O critério da hipossuficiência deve ser prestigiado. Somente serão impenhoráveis os bens indispensáveis à habitabilidade mínima da família, os efetivamente necessários para a manutenção da dignidade da pessoa humana.
Não é justo que o devedor permaneça em sua residência, com todos os seus bens e todo o conforto, enquanto o credor luta por anos para conseguir a satisfação do seu crédito (e pode vir a não conseguir diante de uma impenhorabilidade absoluta e descabida).
Não poderá um indivíduo sobreviver sem o seu computador, sua secadora de roupa ou seu aparelho de DVD? Quantas pessoas não vivem sem tais aparelhos eletrônicos em nosso país? Será indigna a sua mantença ou apenas haverá uma perda de conforto?

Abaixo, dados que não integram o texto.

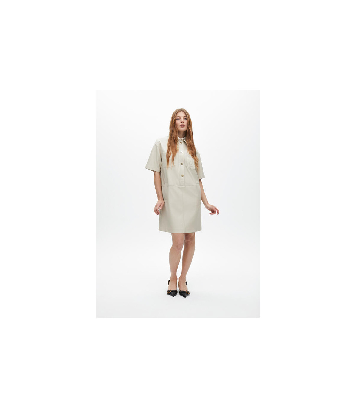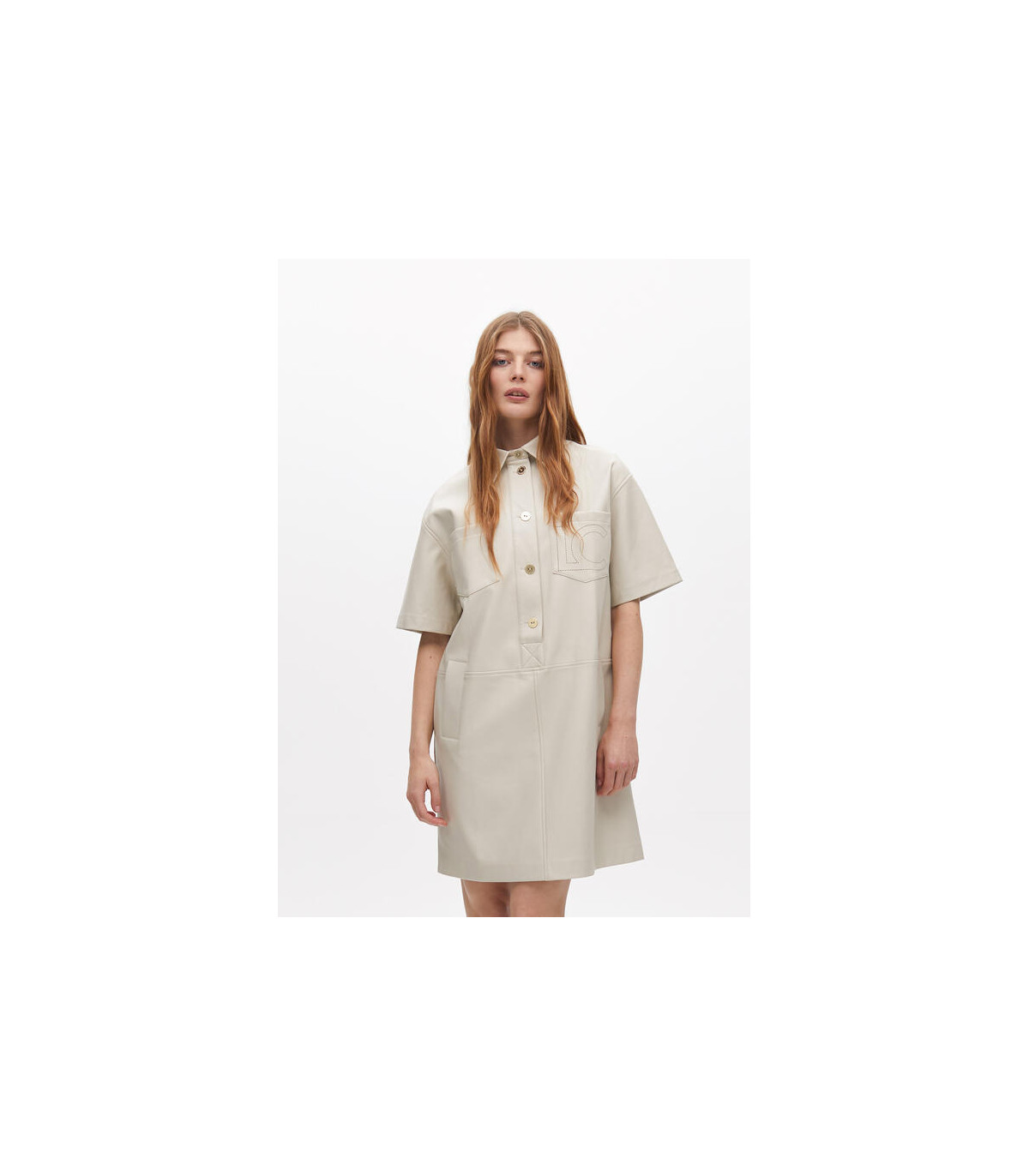 Descubre el vestido oversize mini efecto piel beige de Lola Casademunt en Friendshop. Estilo moderno, cómodo y sofisticado, perfecto para tus looks urbanos.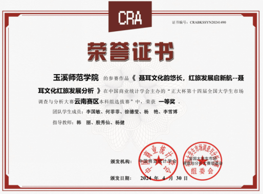 全国大学生市场调查与分析大赛作为国内一流的全国性大赛,已经连续六年纳入《全国普通高校学科竞赛榜单》。玉溪师范学院在第十四届全国大学生市场调查与分析大赛中取得了优秀的成绩,展示了学校培养高素质人才的实力与成果。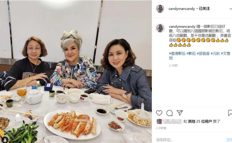 好友余家伦为她设宴庆祝,曾饰演包租婆的元秋与妹妹文雪儿也跟她聚餐表达祝福。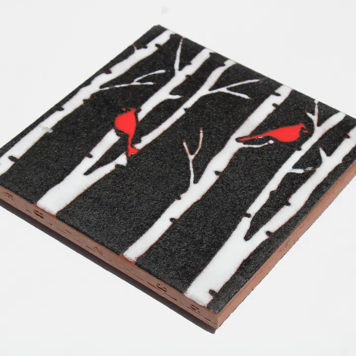 Tile - Birch Tree with Cardinals
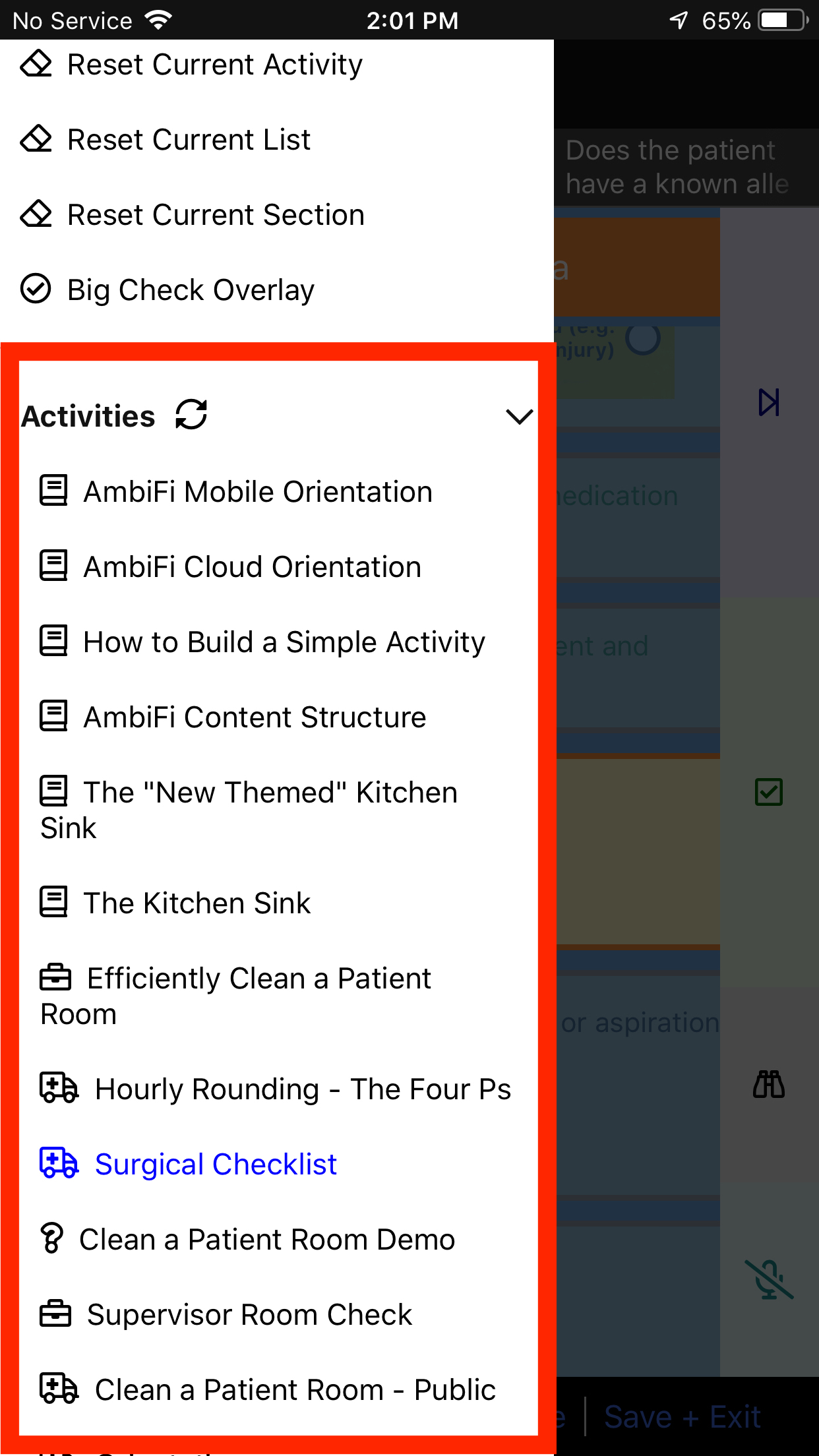 Checkbar - The checkbar provides options while using the Activity such as checking an item, turning on the microphone, and a few others. See below to see how the checkbar looks on screen.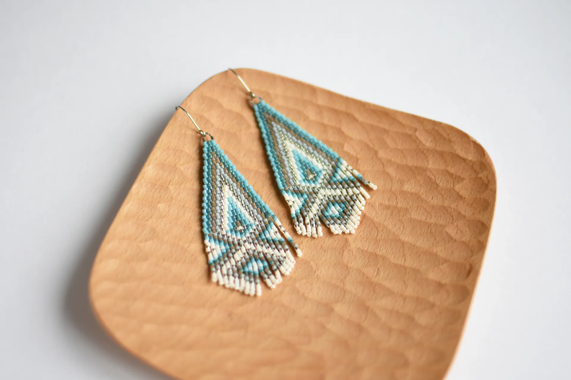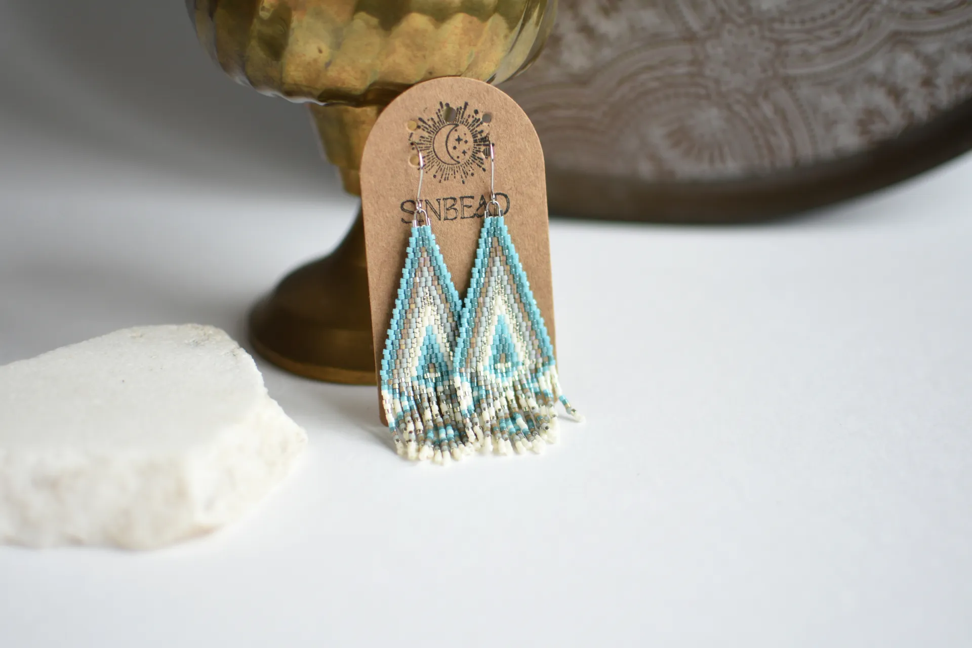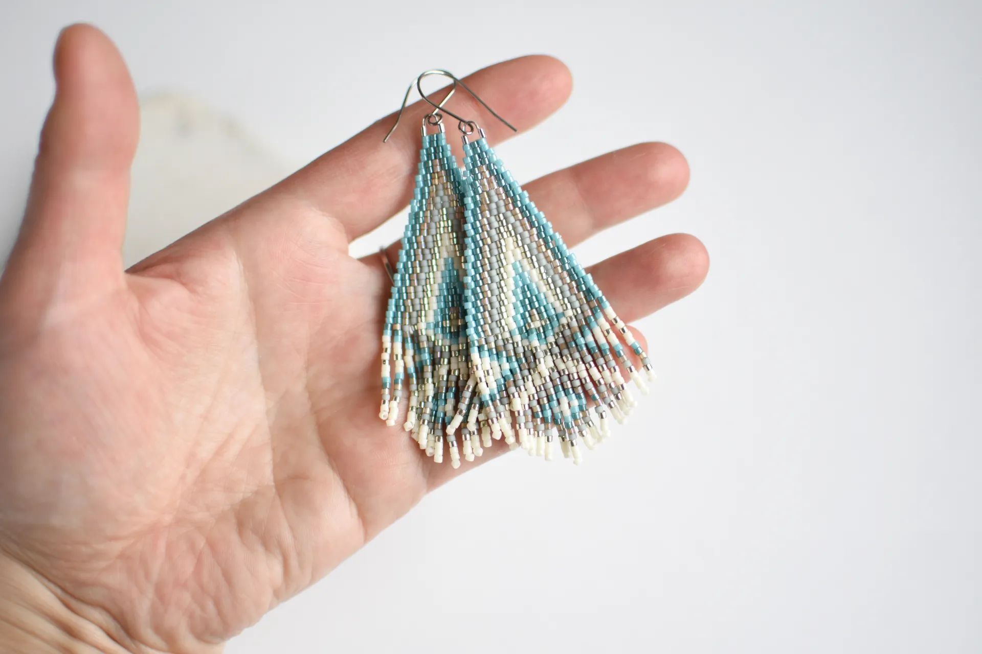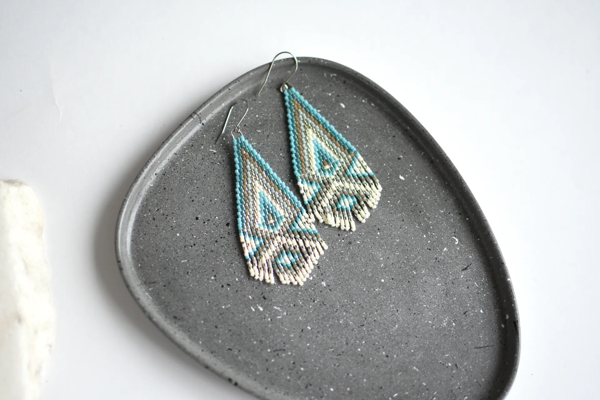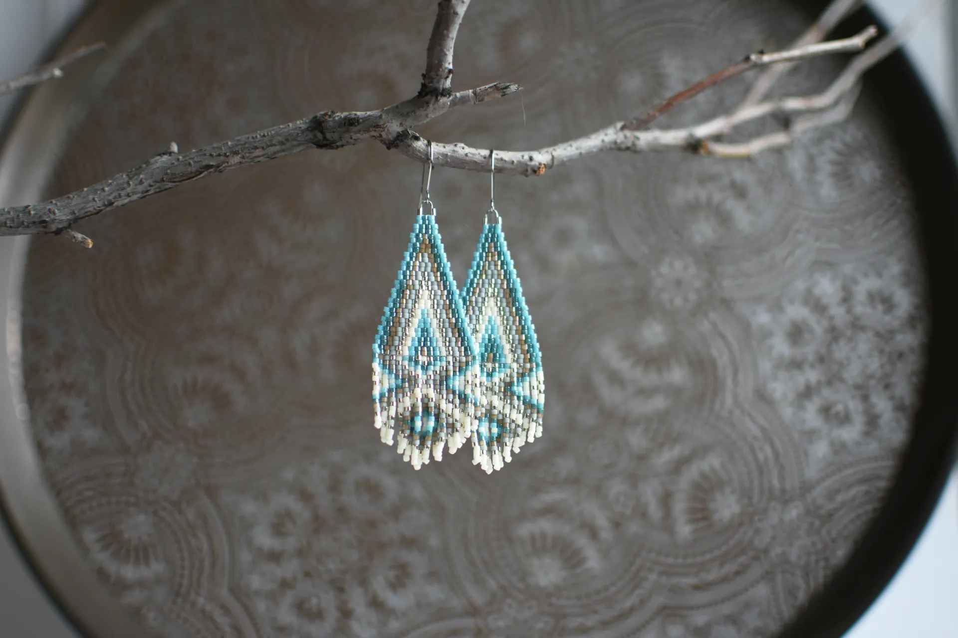 Лёгкие серьги с нежной бахромой в оттенках небесной бирюзы и молочного белого.

Para o juiz Rogério Valle Ferreira (Tribunal Regional do Trabalho – 3ª Região – Processo nº 01578-1998-020-03-00-4 – AP – 5ª Turma – Julgamento em 30 de junho de 2009), “na aplicação da lei, o juiz atenderá aos fins sociais a que ela se dirige e às exigências do bem comum” e “não é razoável que a executada permaneça encastelada em sua residência, cercada de todo conforto (home teather e computadores de última geração, p. ex), enquanto a exeqüente (...) permaneça sem receber o seu crédito”. Para ele, a lei 8.009/90 deve ser aplicada e interpretada juntamente com o artigo 5º da Lei de Introdução ao Código Civil e, neste sentido, “a Justiça tem que dar uma resposta ao hipossuficiente, fazer valer as suas decisões, ao passo que a executada tem que procurar meios para pagar a dívida, e não apenas se esquivar dela, desvirtuando a mens legis para se furtar ao cumprimento da sua obrigação”.
Neste sentido, a jurisprudência de nossos Tribunais:
“Televisores e aparelho de som escapam da protetora inspiração social da impenhorabilidade”. (Tribunal de Justiça do Rio Grande do Sul- SEGUNDA TURMA 10/10/1996).
“Agravo – Execução – Penhora de televisor, aparelho de som e antena parabólica – Alegação de serem bens de família, portanto, impenhoráveis – Exclusão apenas do televisor – Demais são prescindíveis ao funcionamento da residência”. (Tribunal de Justiça de São Paulo – Relator Des. Josué de Oliveira – Julgamento em 12 de agosto de 2003 – 1ª Turma Cível – Publicação em 01 de setembro de 2003).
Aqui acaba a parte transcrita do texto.